Osseointegration Acid etching
- A mixture of acids like HCL and H2SO4 is used. Other acids used for etching are HF, HNO3and H2O2
- The acid concentration, type of acids, temperature and duration of contact are determining factors in creating ideal surface microstructure.
Osseointegration Combination (SLA)
- The combination of two subtractive techniques, such as sand-blasted large-grit acid etched technique (SLA) is the commonest example of this category
- This surface is produced by a large grit (250–500 µm) blasting process followed by etching with hydrochloric–sulfuric acid.
Osseointegration Objectives
Sand blasting creates surface roughness and acid etching cleans the surfaces producing a micro surface.
Electrochemical oxidized surface
A 3–10 nm coating is made on the implant by electrochemical process which improves the corrosion, wear resistance and increases osseointegration.

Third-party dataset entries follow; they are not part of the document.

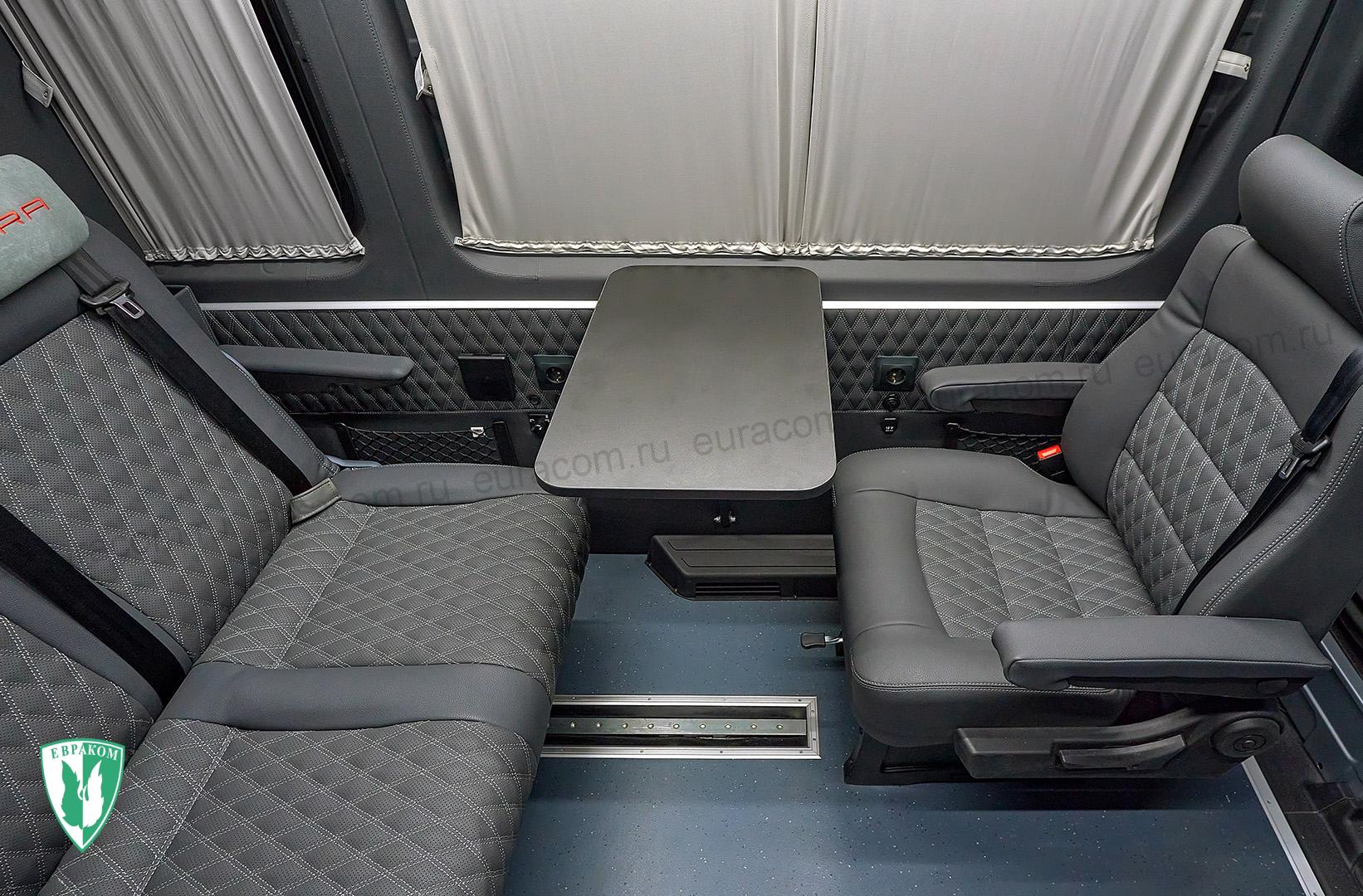 Пассажирский отсек оборудован всем необходимым для удобного расположения 5 человек, трое из которых располагаются на комфортном раскладном диване, а двое — в отдельных “капитанских” креслах. Кресла оснащены трехточечными ремнями безопасности, подголовниками, 2 подлокотника, с регулировкой спинки по углу наклона. Имеют возможность продольного сдвига, и разворота на 180 градусов. При необходимости организации спального места, кресла разворачиваются спиной по ходу движения, диван перемещается по направлению к креслам и полностью раскладывается.Таким образом получается полноценное спальное место рассчитанное на 2-3 человека. Столик, шторки на окнах, кондиционер, отопитель, розетки 220В и USB — всё это стало уже обязательным оснащением комфортных автомобилей, производимых Компанией Евраком. Мини-холодильник, печь СВЧ, чайник, кофе-машина и много-много полезных ящичков и отсеков поражают своей компактностью и удобностью. Они создают ощущения, что сидишь не в автомобиле, а в кают-компании яхты
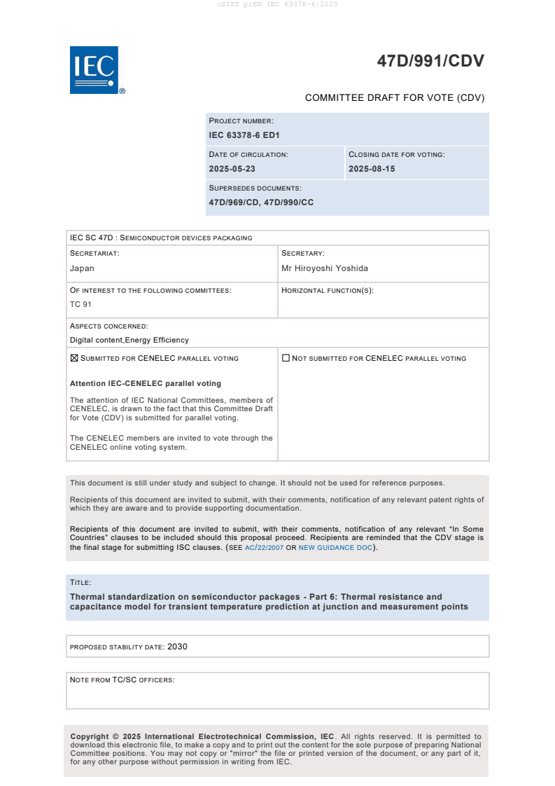 EN IEC 63378-6:2026 is a draft published by CLC. Its full title is "Thermal standardization on semiconductor packages - Part 6: Thermal resistance and capacitance model for transient temperature prediction at junction and measurement points". This standard covers: IEC 63378-6:2026 specifies a thermal resistance and capacitance model for semiconductor packages. This model is named the digital transformation using thermal resistance and capacitance (DXRC) model. It predicts transient temperature at junction and measurement points. This document applies to semiconductor packages such as TO-252, TO-263, and HSOP. It supports single chip packages dissipated heat from single package surface.
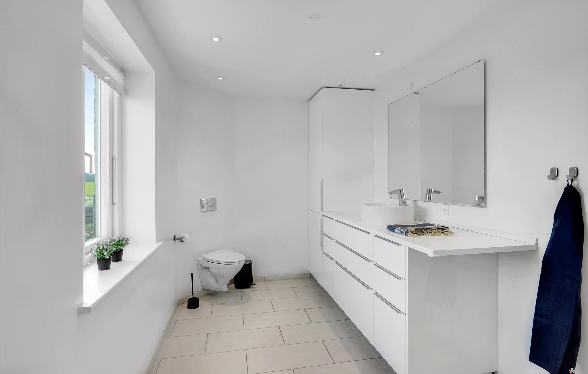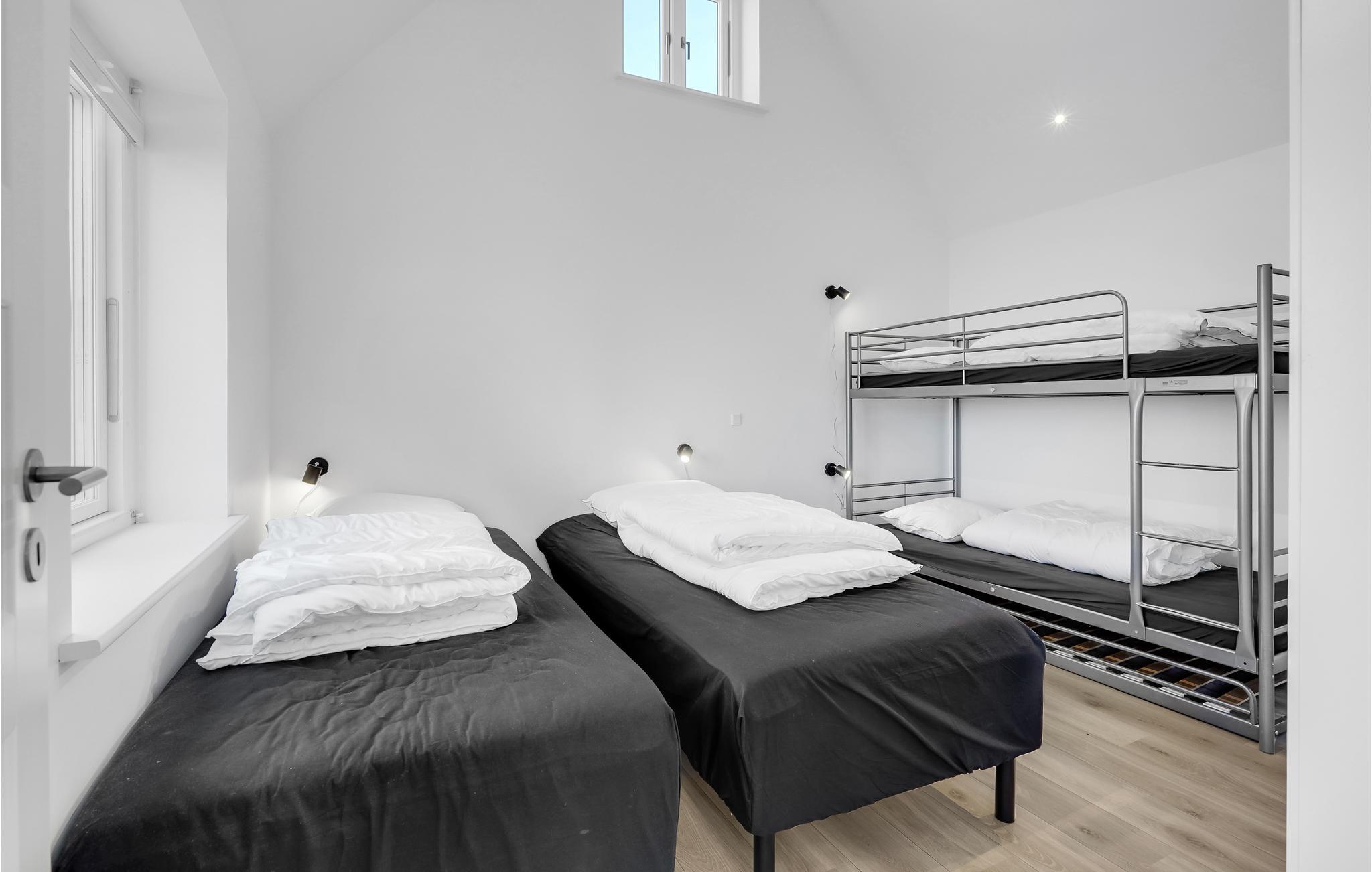 Dette attraktive og rummelige feriehus byder op til otte gæster velkommen med sine tre soveværelser, en åben hems, et badeværelse og en stue med køkken. Gennem de store vinduer, som slipper dejligt meget dagslys ind i huset, kan I nyde panoramaudsigten over fjorden hele dagen.
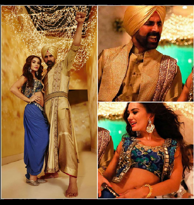 Akshay Kumar on the other side is dressed in a Tarun Tahiliani designed golden dhoti with a kurta and jacket.

Osseointegration Ion implantation
High-energy nitrogen ion or calcium ion are added on to the implant surface using higher surface energy. These treatments are usually done in medical grade instruments to increase hardness, corrosion resistance and wear resistance.
Endosteal Implants
Doped surface
Coating surfaces through sol–gel technique with various types of bone growth factors or other bone-stimulating agents enhance growth of bone and osseointegration.
Osseointegration Disadvantages
Include disintegration of coating during implant placement, plaque retention, greater chances of failure and increased cost.
Other surface coatings
Nanosized hydroxyapatite coated on nanotubular Ti surface promotes osteoblast cell adhesion and deposition of osteoblast.
Oxidation of implant surfaces with chemicals and laser roughening are the other methods.